> Input data
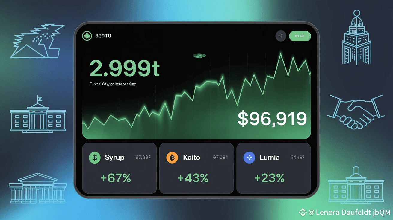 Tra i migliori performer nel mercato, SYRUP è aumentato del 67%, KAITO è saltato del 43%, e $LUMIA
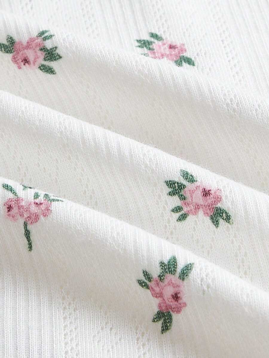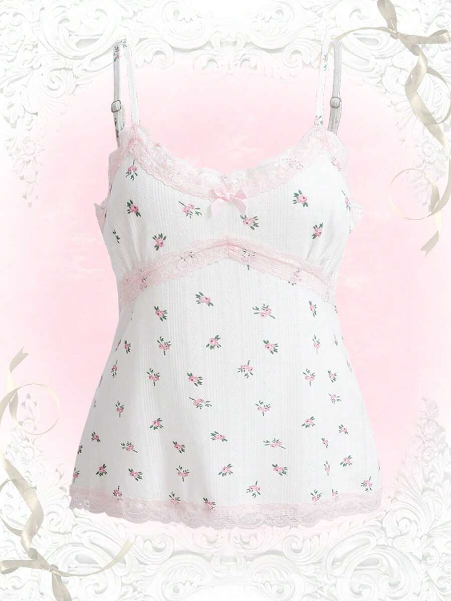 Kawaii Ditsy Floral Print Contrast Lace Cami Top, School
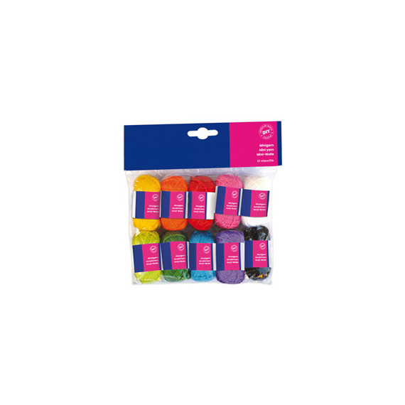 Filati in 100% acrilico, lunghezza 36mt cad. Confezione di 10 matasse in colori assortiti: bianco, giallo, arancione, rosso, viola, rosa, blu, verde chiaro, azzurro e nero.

> How to complete this task
Without including any pictures, reproduce the data exactly.

> Task solution
 Tra i migliori performer nel mercato, SYRUP è aumentato del 67%, KAITO è saltato del 43%, e $LUMIA
 Kawaii Ditsy Floral Print Contrast Lace Cami Top, School
 Filati in 100% acrilico, lunghezza 36mt cad. Confezione di 10 matasse in colori assortiti: bianco, giallo, arancione, rosso, viola, rosa, blu, verde chiaro, azzurro e nero.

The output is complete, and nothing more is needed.